A. Sean Pue (@seanpue) is associate professor of Hindi Language and South Asian Literature and Culture in Michigan State University's College of Arts and Letters. He also teaches Global Studies in Arts and Humanities as well as Digital Humanities. His book, I Too Have Some Dreams: N. M. Rashed and Modernism in Urdu Poetry, was published recently by University of California Press. His next project will focus on the role of sound in poetry and involve computational analysis of texts and performances across a number of South Asian languages. He prefers Python to R and blogs at seanpue.com.

Closing Keynote

Merging Infrastructures: Department, College, University, and Beyond
Presented by Dr. Jennifer Guiliano

Merging Infrastructures: Department, College, University, and Beyond explores the ways in which digital research projects must navigate the often-overlapping, but frequently problematic, technical and social architectures to successfully complete their projects at the department, college, and university scales. Drawing examples from previous and ongoing digital research, this talk will explore how to successfully navigate coalition building along technical, social, and cultural axises.
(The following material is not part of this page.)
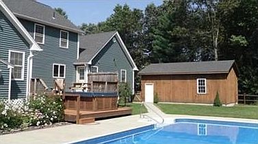 HOME SWEET HOME! Exposed post & beam custom built colonial located @ the end of a cul-de-sac.Very large rooms.1st floor master bedroom w/2 walk-in closets & full bath.1st floor laundry room.Family room w/gas fireplace.Den.Fully applianced eat-in kitchen.At the top of the staircase leading to the 2nd floor, you will enjoy a large sitting room,full bath & 2 large bedrooms.Outside enjoy a detached shop/garage.Inground pool w/covered sitting area,hot tub,fenced in backyard.Central air.Walk-out.

And, importantly, we'll explore how limitations in conceptualizing infrastructure as merely technical or the domain of one organizational group limits our potential as humanists and researchers.

Jennifer Guiliano is Assistant Professor in the Department of History at the Indiana University-Purdue University Indianapolis. She has served as a Post-Doctoral Research Assistant and Program Manager at the Institute for Computing in Humanities, Arts, and Social Sciences at the National Center for Supercomputing Applications (2008-2010) and as Associate Director of the Center for Digital Humanities (2010-2011) and Research Assistant Professor in the Department of History at the University of South Carolina. She most recently held a position as Assistant Director at the Maryland Institute for Technology in the Humanities at the University of Maryland where she also served as an adjunct instructor in the Department of History and the Digital Cultures program in the Honor's College. Dr. Guiliano currently serves on the Association for Computing in the Humanities (ACH) Executive Council (2013-2016), as co-director with Trevor Muñoz of the Humanities Intensive Teaching + Learning Initiative (HILT), and as co-author with Simon Appleford of DevDH.org, a resource for digital humanities project development.